Benchmarking protein-ligand free energy: A set of suitable protein-ligand structures that will be used for the initial force field fitting/benchmarking during Year 1 (likely in September) needs to be selected. J. Chodera suggested the D3R Grand Challenge set as a starting point, but it needs to be filtered to remove any structures that might make benchmarking more complicated. For example, the structures with binding sites containing metals or histidines, titratable ligands that might change protonation states upon binding, buried sites, protein dimers, etc. shouldn’t be a part of this dataset. D. Slochower has already looked into generating a dataset that satisfies these criteria (or at least to an extent) and found ~60 structures that seem reasonable (< 200 AA), but could be further refined if necessary. Ultimately, the choice of the structures in the final dataset will depend on the goals of benchmarking and what is being tested, i.e. force field performance or method performance. This preliminary dataset will be uploaded to the Alchemistry soft benchmark set, where industry partners can provide their feedback regarding the selection.
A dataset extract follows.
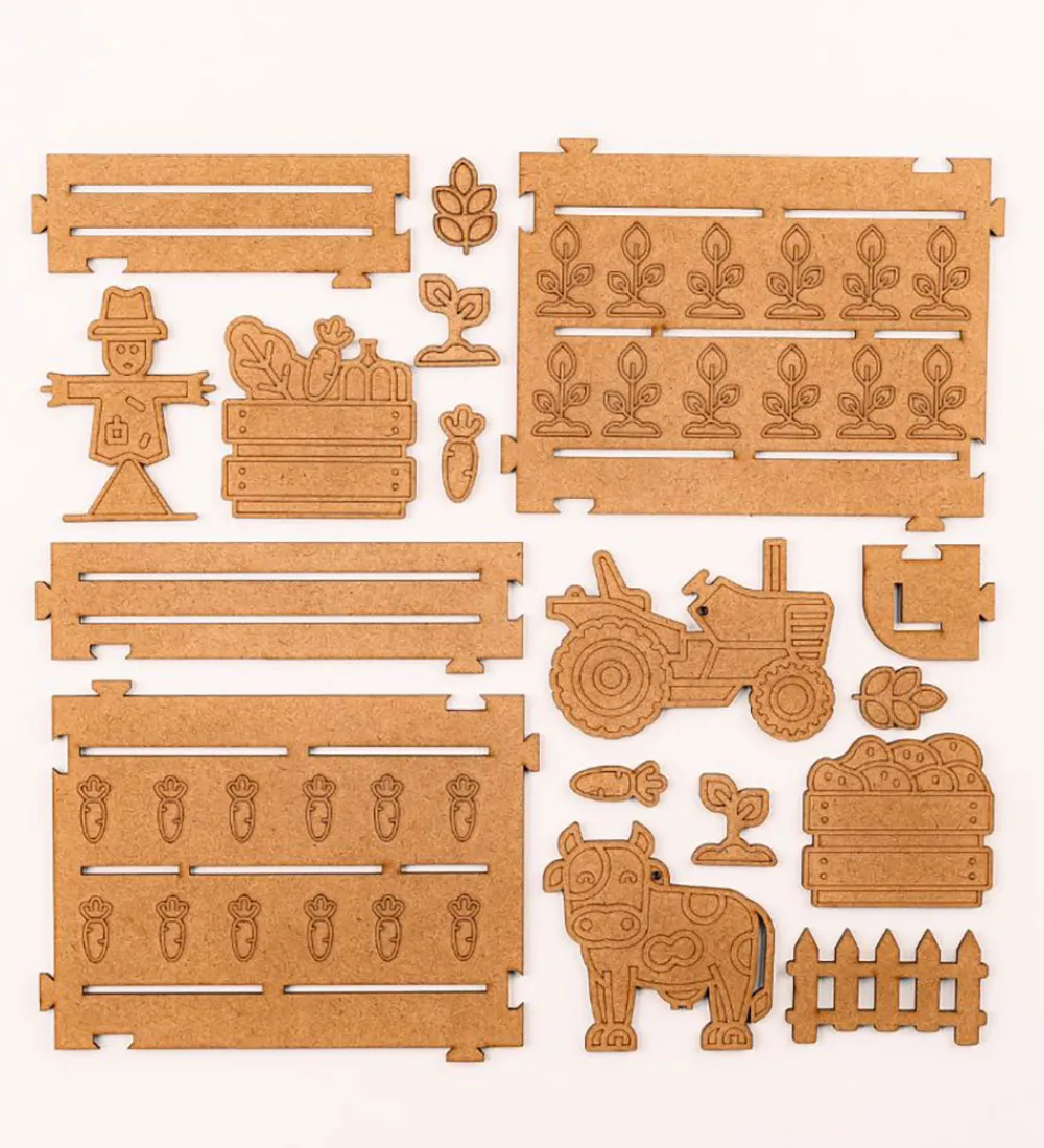 Crateit kreasættet består af i alt 4 marker, 18 hegn og 5 figurer, heriblandt en traktor og tilbehør, der på smart vis kan sættes sammen. Crateit kreasættet er lavet af umalet træ, som kan farvelægges med alle slags tuscher, maling og farveblyanter.

From the infrastructure perspective, a new
PhysicalPropertyDataset type for receptor-ligand thermodynamics and a specific subclass that interfaces with BindingDB is needed. Each congeneric series in BindingDB should have at least one PDB structure assigned to it, and hybrid docking can be used to generate protein-ligand complexes for other ligands. These starting complexes can then be fed into a workflow for GPU binding free energy calculations leveraging Yank that is almost ready for use.
Host-guest calculations: D. Slochower presented his benchmark calculation schema for host-guest binding free energies with pAPRika. The goal is to be able to draw from databases containing physical protocols and resulting measurements, and have a clear and systematic way to set up equivalent benchmark calculations. This initial dataset will be manually prepared from ~ 100 high-quality binding thermodynamics data and eventually deposited in a public repository (GitHub or Zenodo). The experimental provenance information is highly desirable for later usage, but it could take significant effort to manually populate BindingDB. The question on how to systematically describe different experimental conditions also needs to be solved, and Mixture InChi were proposed as a way to encompass several of them. D. Slochower also presented a potential pAPRIka API for the property calculator, but synchronization with S. Boothroyd will be necessary to achieve a more general information flow, which is important for capturing all relevant conditions. The priority is to have the workflow ready for September and feature development will be prioritized based on the timeline.
Best practices documentation: As there is no clear definition for “best practices” (and in fact it can vary in different contexts) it is important to note that the term “best practices” in this context represents a set of approaches currently agreed upon to be the most appropriate for performing certain tasks, based on the available data and/or literature sources. These best practices are expected to change over time. M. Shirts suggested separation of best practices documentation into two layers:
- “Scientific” documentation describing protocols at a more general level and types of algorithms used, agnostic of any particular implementation. This will exist as a GitHub repo intended for submission as a LiveCOMS article;
- “Technical” documentation describing a particular implementation of the aforementioned algorithms and protocols and choices of parameters. This will be kept in the property calculator documentation.
These two documents should be linked and contain appropriate literature references to justify the choices made. Technical details behind this document are yet to be fully determined, but the LiveCOMS article will likely be formatted as a Manubot paper hosted on GitHub.